-- EXERCISE INSTRUCTIONS --
Every line of the data below is to be duplicated exactly, pictures excepted.

-- DATASET EXCERPT --
---------------

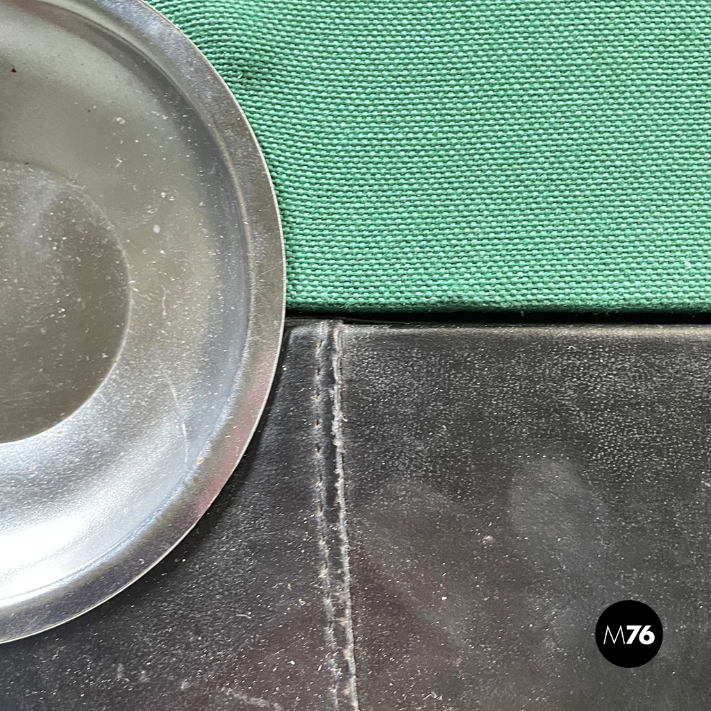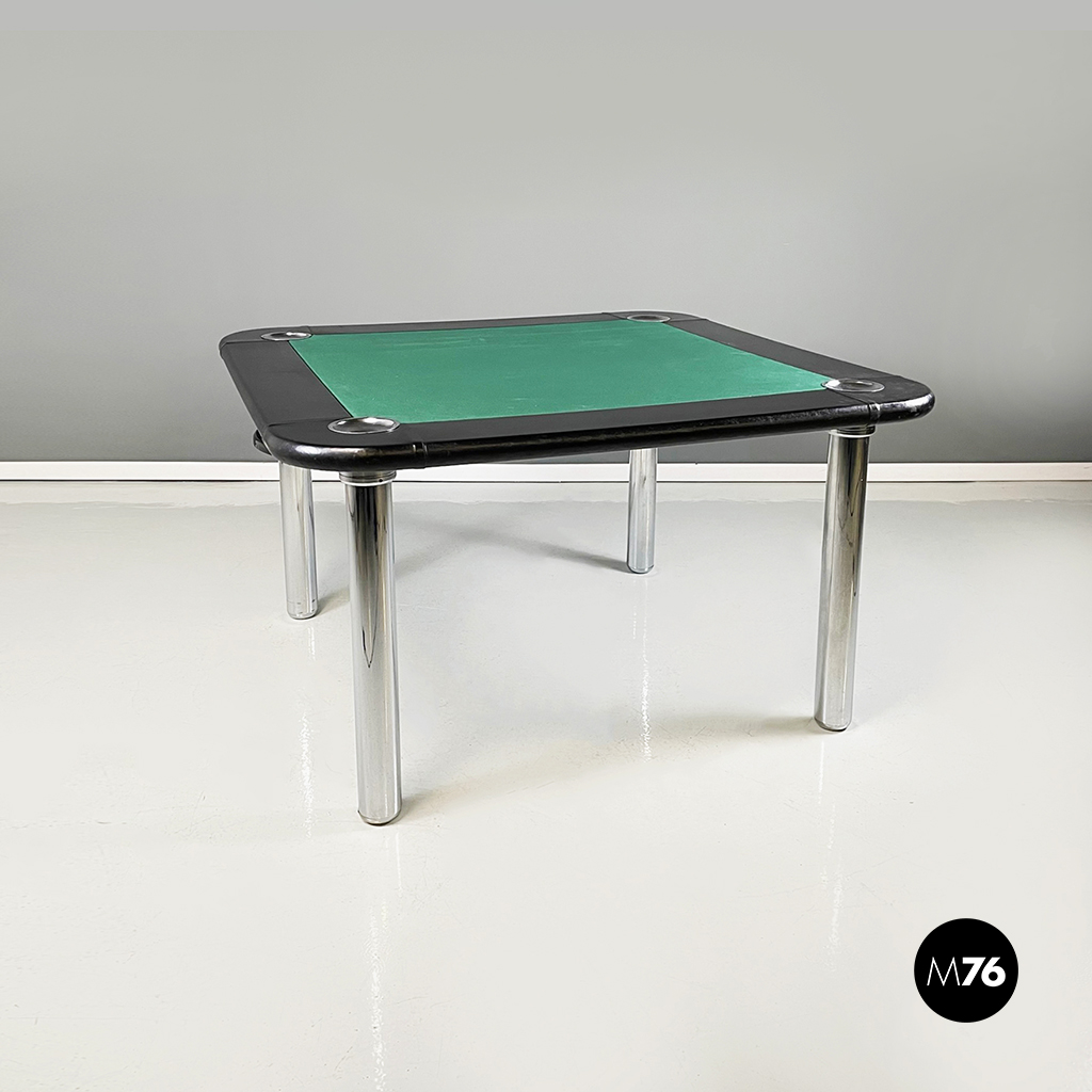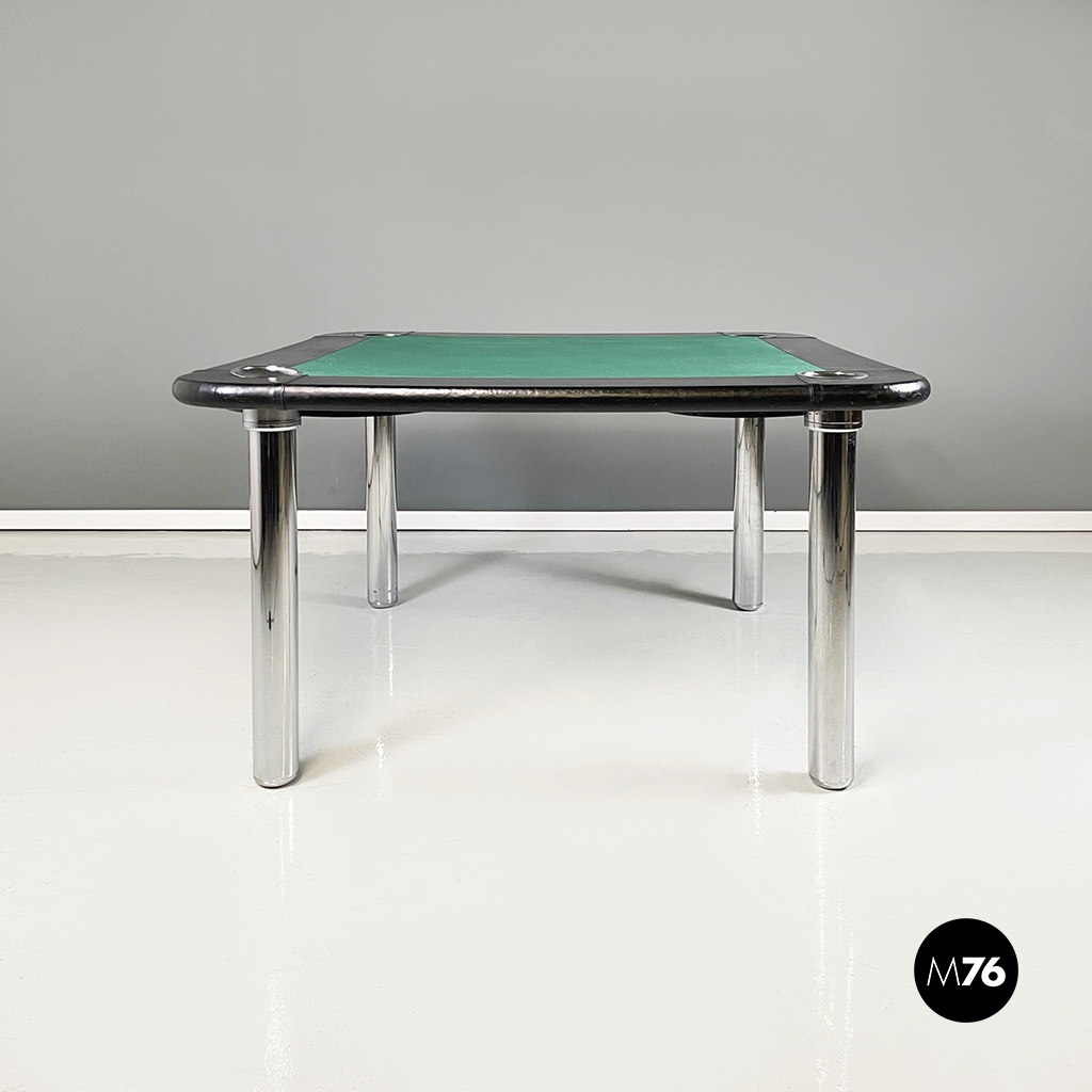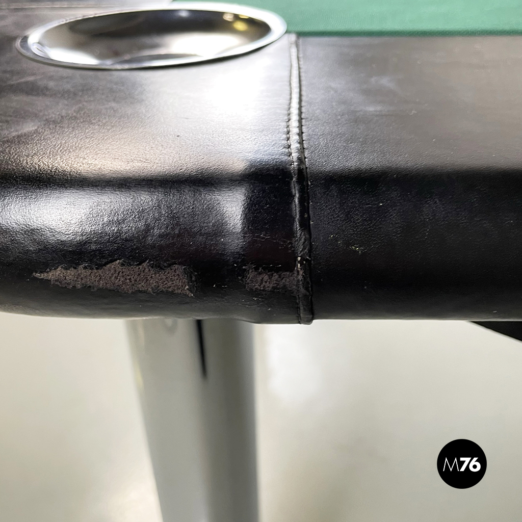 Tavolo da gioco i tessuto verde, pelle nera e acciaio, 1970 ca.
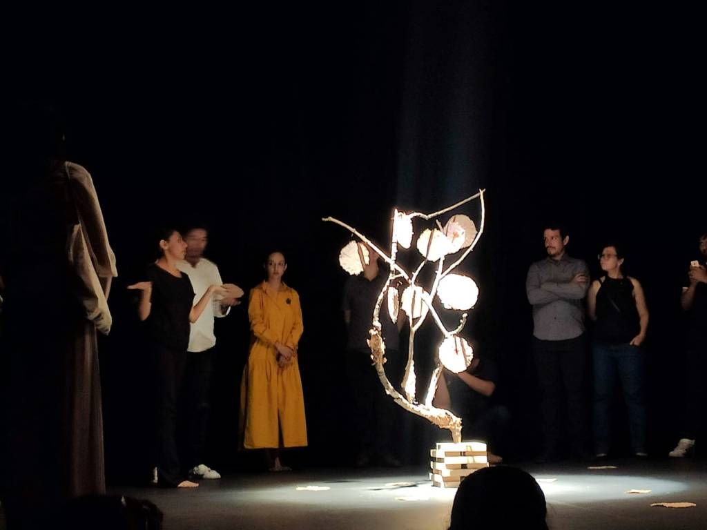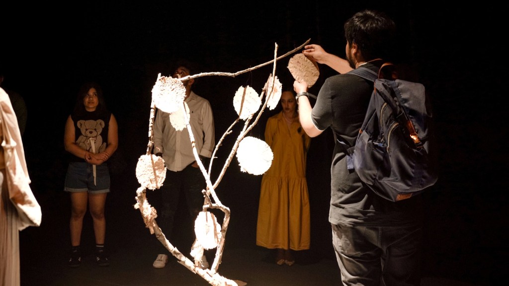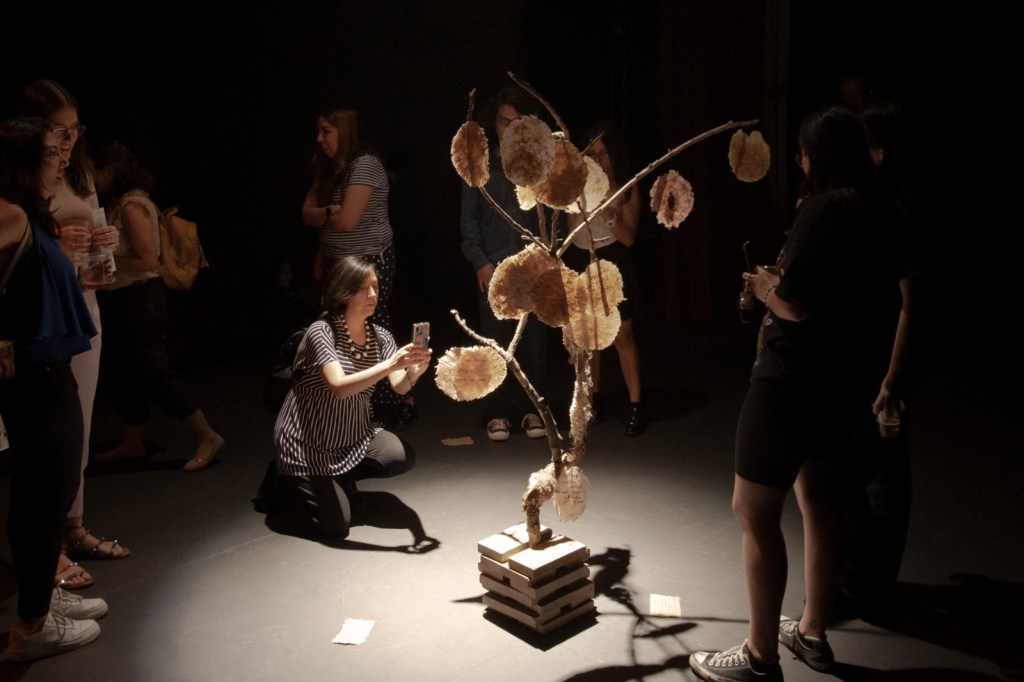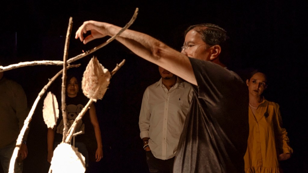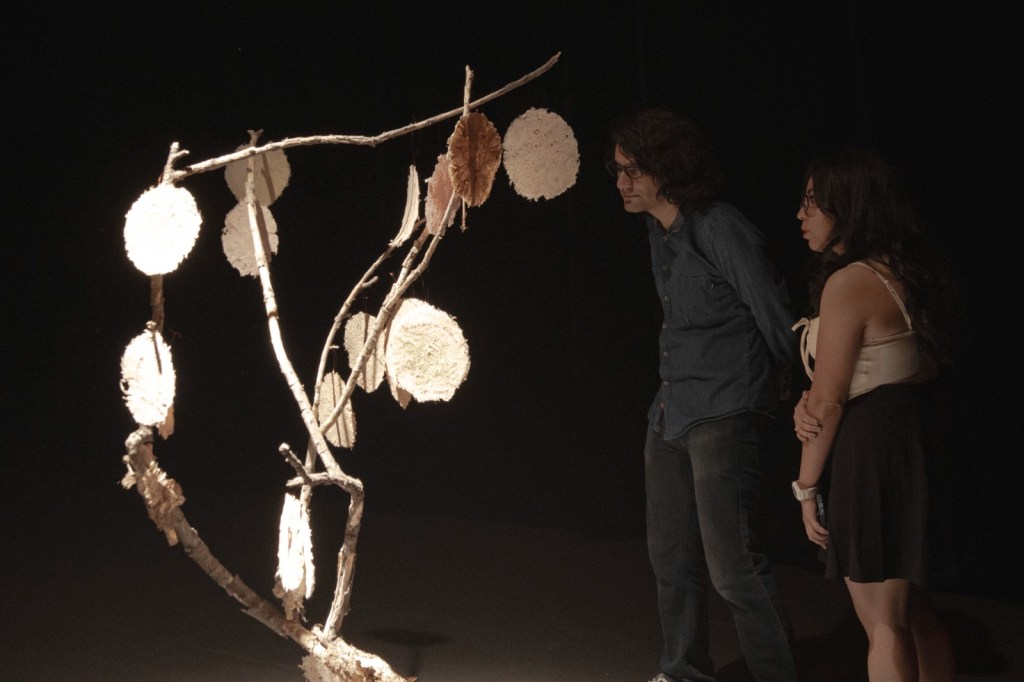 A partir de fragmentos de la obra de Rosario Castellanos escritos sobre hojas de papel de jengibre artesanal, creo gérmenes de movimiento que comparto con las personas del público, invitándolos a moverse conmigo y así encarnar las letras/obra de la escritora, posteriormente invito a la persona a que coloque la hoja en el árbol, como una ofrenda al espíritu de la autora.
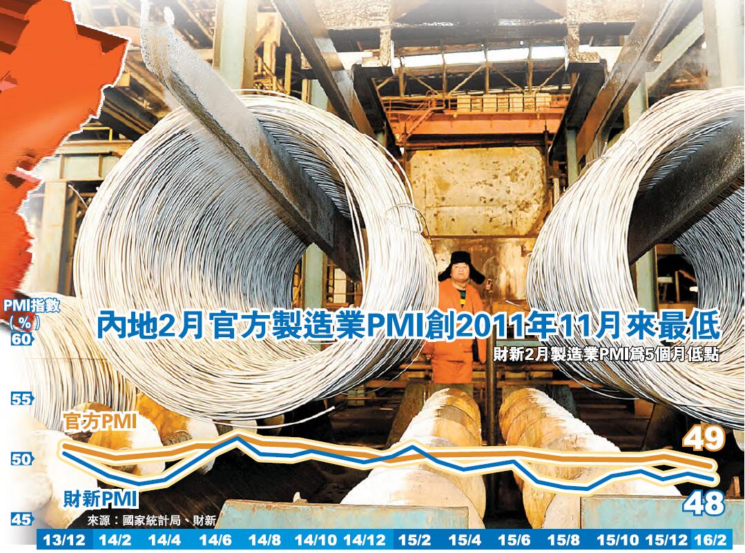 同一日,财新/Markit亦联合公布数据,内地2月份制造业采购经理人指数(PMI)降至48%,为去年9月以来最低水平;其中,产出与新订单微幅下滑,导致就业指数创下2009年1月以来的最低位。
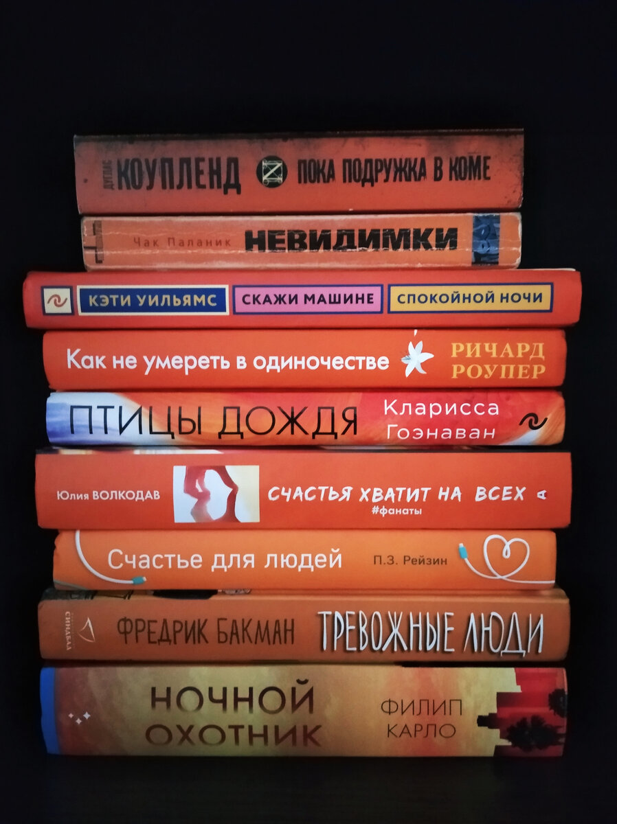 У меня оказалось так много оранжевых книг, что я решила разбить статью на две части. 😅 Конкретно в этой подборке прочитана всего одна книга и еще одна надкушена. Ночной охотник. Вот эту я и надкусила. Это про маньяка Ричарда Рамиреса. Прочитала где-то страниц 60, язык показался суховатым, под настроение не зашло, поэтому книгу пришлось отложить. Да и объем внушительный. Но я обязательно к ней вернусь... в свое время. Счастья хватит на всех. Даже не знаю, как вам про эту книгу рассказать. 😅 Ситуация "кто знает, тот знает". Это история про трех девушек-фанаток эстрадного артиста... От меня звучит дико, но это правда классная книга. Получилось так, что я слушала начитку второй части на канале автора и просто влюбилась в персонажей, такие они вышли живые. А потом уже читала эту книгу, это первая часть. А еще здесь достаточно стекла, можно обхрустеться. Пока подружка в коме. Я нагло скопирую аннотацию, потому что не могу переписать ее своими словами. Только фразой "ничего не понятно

---------------

-- YOUR SOLUTION --
 Tavolo da gioco i tessuto verde, pelle nera e acciaio, 1970 ca.
 A partir de fragmentos de la obra de Rosario Castellanos escritos sobre hojas de papel de jengibre artesanal, creo gérmenes de movimiento que comparto con las personas del público, invitándolos a moverse conmigo y así encarnar las letras/obra de la escritora, posteriormente invito a la persona a que coloque la hoja en el árbol, como una ofrenda al espíritu de la autora.
 同一日,财新/Markit亦联合公布数据,内地2月份制造业采购经理人指数(PMI)降至48%,为去年9月以来最低水平;其中,产出与新订单微幅下滑,导致就业指数创下2009年1月以来的最低位。
 У меня оказалось так много оранжевых книг, что я решила разбить статью на две части. 😅 Конкретно в этой подборке прочитана всего одна книга и еще одна надкушена. Ночной охотник. Вот эту я и надкусила. Это про маньяка Ричарда Рамиреса. Прочитала где-то страниц 60, язык показался суховатым, под настроение не зашло, поэтому книгу пришлось отложить. Да и объем внушительный. Но я обязательно к ней вернусь... в свое время. Счастья хватит на всех. Даже не знаю, как вам про эту книгу рассказать. 😅 Ситуация "кто знает, тот знает". Это история про трех девушек-фанаток эстрадного артиста... От меня звучит дико, но это правда классная книга. Получилось так, что я слушала начитку второй части на канале автора и просто влюбилась в персонажей, такие они вышли живые. А потом уже читала эту книгу, это первая часть. А еще здесь достаточно стекла, можно обхрустеться. Пока подружка в коме. Я нагло скопирую аннотацию, потому что не могу переписать ее своими словами. Только фразой "ничего не понятно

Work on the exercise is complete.